I've been debating what to write here, with so many thoughts mulling through my head... here goes...
Today my friend "Leo," who is really Robert (it's a Facebook thing), is undergoing a 20 hour back surgery of all back surgeries. Assuming that goes ok, he will then have probably 5 days of the most excruciating pain one can imagine. He tells me that even with all the pain medications that leave a person semi-conscious, the pain will still be excruciating. Without the surgery, he will die. Without his current antibiotics, he will die. He tells me this so bluntly. He needs everything to go right. He needs to defeat some odds.
I visited Robert this past Monday. It's hard - "he looks so good" - how can things be like this? I'd prefer we were meeting to handcycle. I love the memory of our last handcycle ride this fall - so beautiful. I thought it was the first of many rides and he was making a comeback, not that it would be his last. But it was great to see him on Monday. He asked me "So, if you were to be in the worst pain of your life for 5 or so days, how would your faith help you with that?" My answer: "I don't know."
I don't know many things - from where my faith came (there was no real defining time), why I have it and others like Robert don't, how it would help me through various situations - I just don't know.
So I thought about the previous week and told him about that. MS can cause my legs to ache, and sometimes it is very painful, though nothing like what Robert has and will experience. Last week my legs ached badly. One night I propped myself up on the bathroom sink for 30 minutes(standing position - putting the pressure on them helps a bit) and that helped. The next night they still ached badly. I tried to stretch in bed. They just hurt. The pain was not easing. On my nightstand I have a little saying which includes "when in pain, trust God." So I was trying to use that.
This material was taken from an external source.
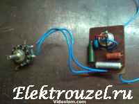 Резистор 510.Оm – ограничивает максимальное напряжение на конденсатор 0,1 mkF, то есть если движок переменного резистора поставить в положение 0.Оm, то сопротивление цепи всё равно будет 510.Оm Справа на схеме резистор на 20 kOm и конденсатор 0.22mkF именуемая RC цепью. RC цепочка, это своеобразная защита симистора от выбросов напряжения при работе на индуктивную нагрузку. То есть если Ваша схема будет регулировать активную нагрузку (лампочка, паяльник, ТЭН и т.д.), то R3 и C можно исключить из схемы, а это делает схему до смешного простой. Итак, конденсатор 0,1mkF заряжается через резисторы 510.Om и переменный резистор 420kOm, после того, как напряжение на конденсаторе достигнет напряжения открывания динистора DB 3, динистор формирует импульс, открывающий симистор, после чего, при проходе синусоиды, симистор закрывается. Частота открывания-закрывания симистора зависит от напряжения на конденсаторе 0.1 mkF, которое, в свою очередь, зависит от сопротивления переменного резистора. Таким образом, прерывая ток (с большой частотой) схема регулирует мощность в нагрузке. Допустим, если подключить электролампу через диод, мы заставим работать её «в полнакала» и продлим её жизнь, однако не получиться регулировать яркость, да и неприятного мерцания не избежать. Этого недостатка нет в симисторных схемах, так как частота переключения сисмистора слишком высока, и увидеть мерцание лампы человеческому глазу не под силу. При работе на индуктивную нагрузку, например электродвигатель, можно услышать своеобразное «пение», это частота с которой симистор подключает нагрузку к цепи. Скажу для тех, кто не знает: электродрели прочий электроинструмент с регулировкой вращения так же использует симисторные схемы. Правда, двигатели в вышеперечисленном коллекторные. Но данная схема была испытана и с асинхронным двигателем 220 V(вытяжка в мастерской) и результат был отличный. Фото работающей схемы:

But I hurt, badly. So, to be honest, I cried and said out loud that God, I am putting my trust in you, that you will help me with this pain, but I am not sure how, because it really hurts, and with MS, one never knows whether something like this will get better.
So I told Robert that maybe, somehow, thinking that his pain from surgery was temporary, would that help? Although he cannot find faith, can it help him to know that others are praying for him? We are praying that his surgery is successful, that his pain may not last too long, that he has a successful recovery and is able to find happiness in life, and much more.
This is it, he has said. His last surgery. He is not going through this again. For me, knowing this is hard. I want him to get better. May God be with him. May God give him strength and take away his pain even without his faith, but with the faith of others. May our trust in God help Robert with his pain. Thanks be to God.